As far as someone else who would do the install for you, try your LBS. Show them this post string, and they should have no problems, then again they might not want to bother, depends on the mechanics. They will have to cut the valve stems from the tubes and shape the rubber plug a little to make it fit without going through the hole in the wheel.

BTW, I am running 90psi in both the front and rear. I am at 156lbs. Smooth ride and great cornering!

Good luck! And let me know how it goes!


----------



## wankski (Jul 24, 2005)

1 banger... is it necessary to replace the tire? i can understand your unwillingness to do so for a sidewall puncture, but is it not possible to patch a tubeless tire from the inside? using a regular or self-adhesive patch?


----------



## Dr_John (Oct 11, 2005)

> 1 banger... is it necessary to replace the tire? i can understand your unwillingness to do so for a sidewall puncture, but is it not possible to patch a tubeless tire from the inside? using a regular or self-adhesive patch?


Hutchinson sells a patch kit specifically for road tubeless - Rep'Air. I've used them several times and they work very well. While I haven't tried (didn't feel like bothering with it), I read a review that standard patches do not work very well.

http://www.performancebike.com/shop/profile.cfm?SKU=25682&subcategory_ID=5412


----------



## alanw2007 (Jan 4, 2009)

Nice project.
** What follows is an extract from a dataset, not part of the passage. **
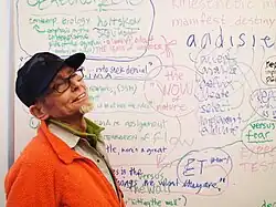 In 2000, Holt co-curated the first Cooper Hewitt National Design Triennial, "Design Culture Now," with Donald Albrecht and Ellen Lupton.[4][50][51] The exhibition marked a boundary-blurring, digital-era design shift away from "the ubiquitous 'black box' of minimalism"[8] and toward human, tactile and emotional work reflecting entertainment culture and the growing visual literacy of consumers.[52][19][53] New York Times critic Herbert Muschamp wrote, "The triennial is an explosion: an attack on the walls between individual design disciplines and the barriers that separate design from everything else. ... [Its] organizers create a credible mythology for design today: protean, expansive, filled with deep reserves of historical meaning, an art that leaves no area of consciousness unexplored."[4] The same year, Holt co-curated (with Aaron Betsky) "Design Afoot: Athletic Shoes, 1995-2000" at SFMOMA—believed to be the first exhibition devoted to sneaker design—marking what he called "a golden age in sneaker design."[9][54]

Ingenious solution to getting a valve-stem long enough to reach through the rim and allow a nut to thread on and hold it in place.
I have ridden tubeless off-road for many years and really like the performance of tubeless tyres. I'll likely have a go at converting my Dura Ace C50 clinchers using your technique.

It's strange that Stan's don't make a long valve stem. It doesn't appear difficult. A normal valve extender would appear to work with their 44mm stem _if_ there was an external thread on it.


----------